Search code examples
apache-kafkaapache-kafka-connectchange-data-capturedebezium

How to capture data in mysql with debezium change data capture and consume with jdbc sink in kafka connect?


I have problem of capturing data in mysql with debezium change data capture and consuming it to another mysql using kafka connect jdbc sink.

Because the schema and payload that debezium produces to kafka topic is not compatible with the schema that kafka connect jdbc sink expects.

I get exception when jdbc sink wants to consume data and create records in another mysql.

How should I solve this problem ?


Solution

  • The message structure produced by Debezium is indeed different than that expected by the JDBC sink. The JDBC sink expects each field in the message to correspond to a field in the row, and therefore the message corresponds to the "after" state of the row. OTOH, the Debezium MySQL connector performs Change Data Capture, which means it does more than just including the latest state of the row.
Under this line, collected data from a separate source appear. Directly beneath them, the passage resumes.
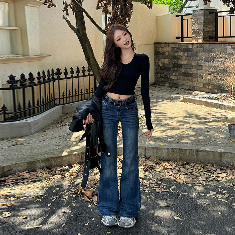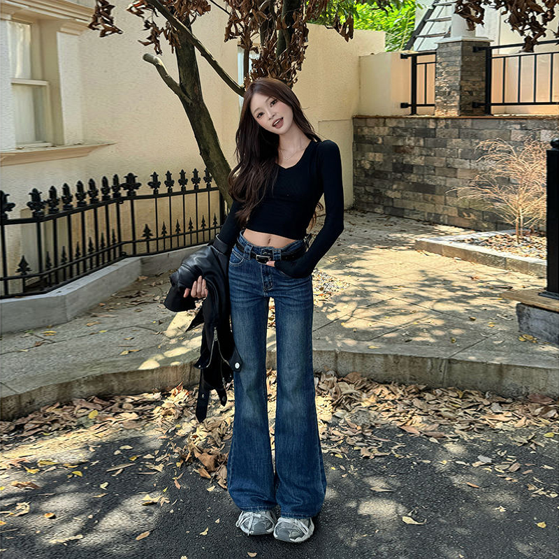 小个子马蹄喇叭裤 修身 子 女2025年春秋新款 蓝色高腰弹力微喇牛仔裤
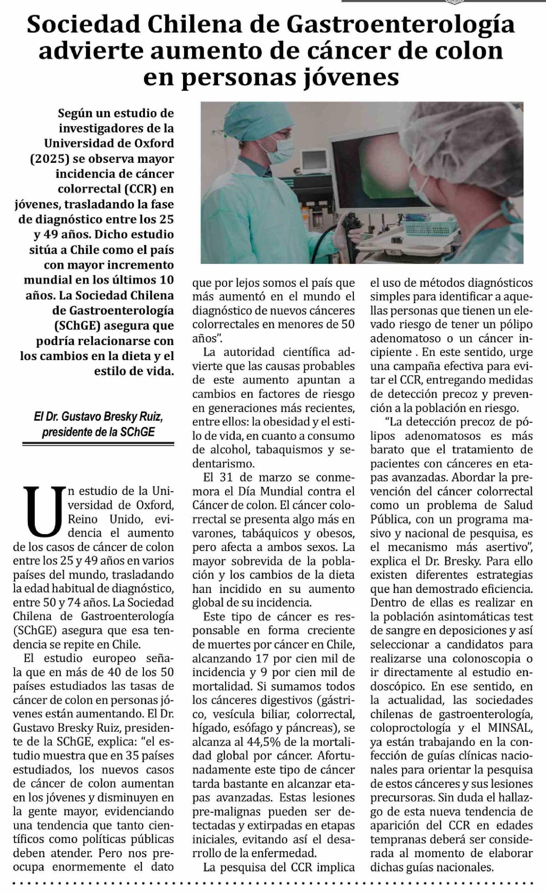 Sociedad Chilena de Gastroenterologia advierte aumento de cáncer de colon en personas jóvenes
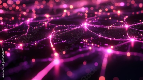 Fototapeta premium Abstract pink glowing particles and lines.
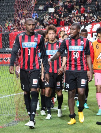 上写真/長崎戦で後半に顔をそろえた外国人助っ人のDFパウロン(3番)、FWナザリト(50番)、MFニウド(その右、顔が半分見える)だったが、結果は残せなかった
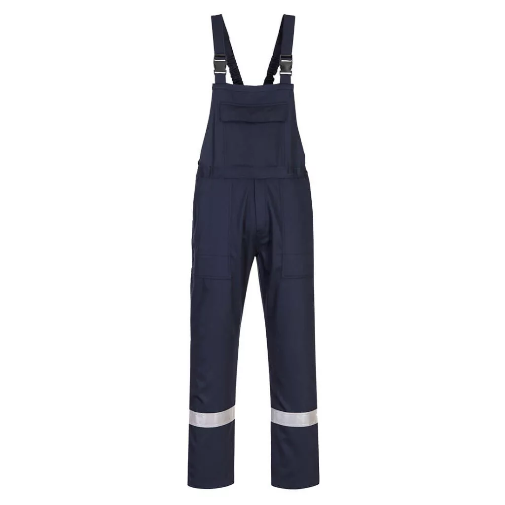 Offering complete lower body and chest protection, the Bizweld FR Bib and Brace has been designed with the safety and protection of the wearer in mind. It has been constructed with a large chest flap pocket in the front for carrying tools or personal belongings and also boasts two side pockets, a back hip pocket with flap, a rule pocket and reflective tape at leg ends. The adjustable elasticated straps offer maximum comfort and a perfect fit.
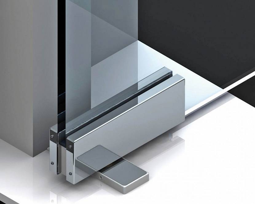 При всей универсальности обеих конструкций, они не подходят для стеклянных дверей, поэтому здесь применяют третий тип доводчиков – напольный. В этом случае корпус с пружиной монтируется в пол таким образом, что сверху видна только пластина-держатель. Такой же держатель крепится и вверху, но механизм там монтируется, только если полотно очень тяжелое.
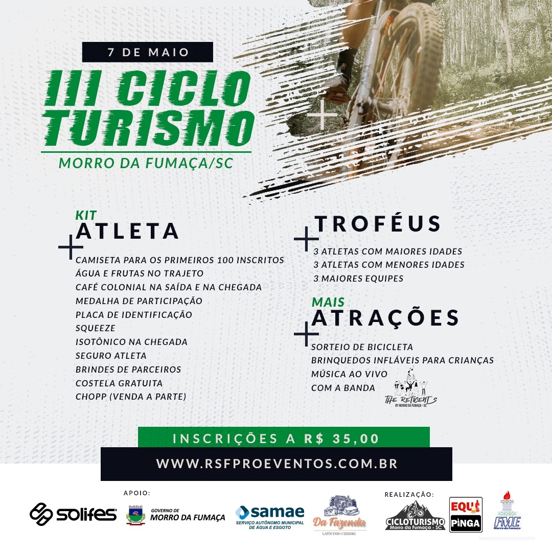 Conforme o vice-prefeito de Morro da Fumaça, Eduardo Sartor Guollo, é um evento para toda família, não só para ciclistas. “Além dos inscritos, contamos com a presença dos familiares, que venham prestigiar junto, tornando a festividade ainda maior. Teremos atrações para todo tipo de público. As duas primeiras edições do evento já foram muito bem quista pelas pessoas, agora estamos planejando algo ainda maior. Será um trajeto diferente, com trilhas novas e mais atratividades aos participantes ”, almeja.
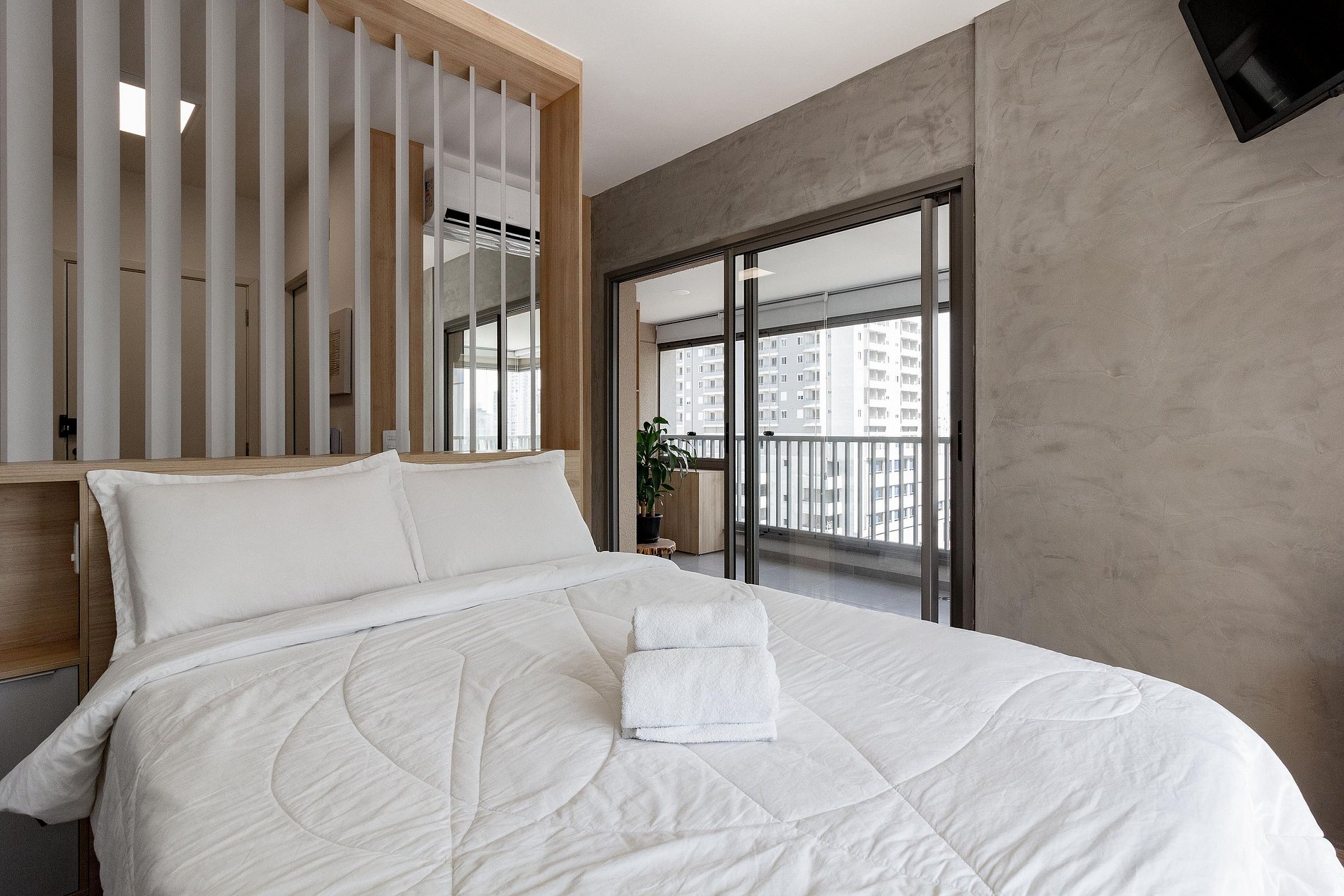 No dia do check-in, você receberá os dados de acesso: senha da fechadura eletrônica, informações de Wi-Fi e o número do apartamento.
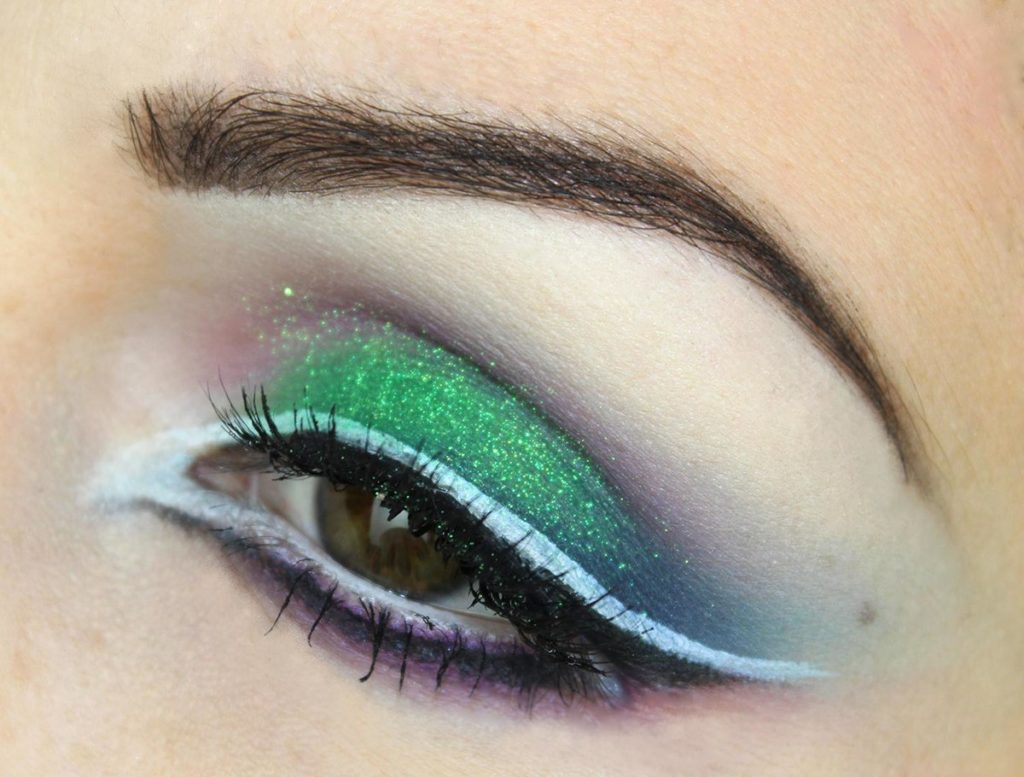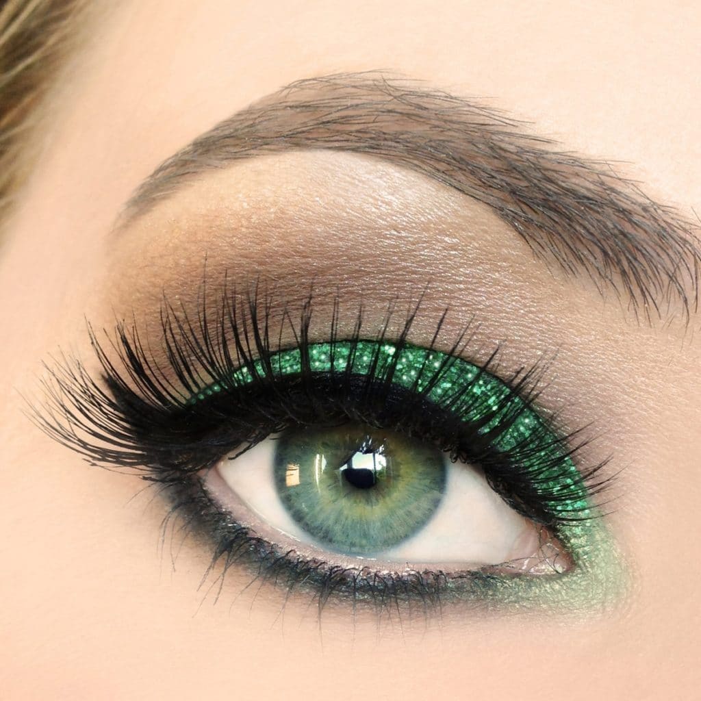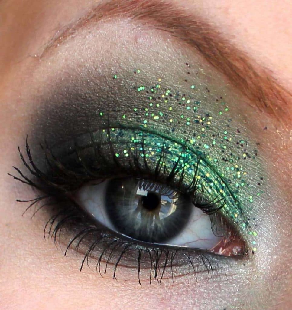 For green eyes, you can always do an unusual, bright and rather extravagant makeup. Such makeup involves the use of a large number of sparkles, rhinestones, the brightest colors of the shadows, green ones are especially suitable.
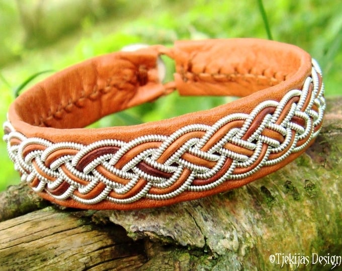 A brown leather bracelet with a braided design and silver accents is resting on a wooden surface. The background is blurred with hints of greenery, suggesting a natural setting. | Leather Viking Bracelet Cuff FREKI Bark Brown Reindeer decorated with Pewter Braid and Custom Handmade to Your Wishes | dd14ea6f7d003604dd942db0fac05837b3a142771e8287941ca8b6555d5f39c9 | 000000018221 | 0 | 0 | 29 | 18 | 0 | 0 | |
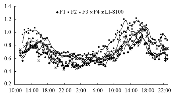 圖b RR-7330測量系統(tǒng)四個(gè)通道測量的土壤呼吸與li-8100測量日變化對比(中國林科院,高峻,2011)

Specifically, the connector outputs messages with a key containing the row's primary or unique key columns, and a message value containing an envelope structure with:

    • the operation, such as whether it is an insert, update, or delete
    • the state of the row before the change occurred (null on inserts)
    • the state of the row after the change occurred (null on deletes)
    • source-specific information including server metadata, the transaction ID, database and table names, server timestamp when the event occurred, and details about where the event was found, etc.
    • timestamp at which the connector generated the event

    The simplest way to solve this discrepancy is to use Kafka 0.10.2.x (currently the latest release is 0.10.2.1) and Kafka Connect's new Single Message Transforms (SMTs). Each Kafka Connect connector can be configured with chains of zero or more SMTs that can transform the output of source connectors before the messages are written to Kafka, or transform the messages read from Kafka before they are passed as input to sink connectors. SMTs are intentionally very simple, deal with a single message, and definitely should not access external resources or maintain any state, and therefore not a replacement for Kafka Streams or other stream processing systems that are far more powerful, can join multiple input streams, and can perform very complex operations and maintain state across multiple messages.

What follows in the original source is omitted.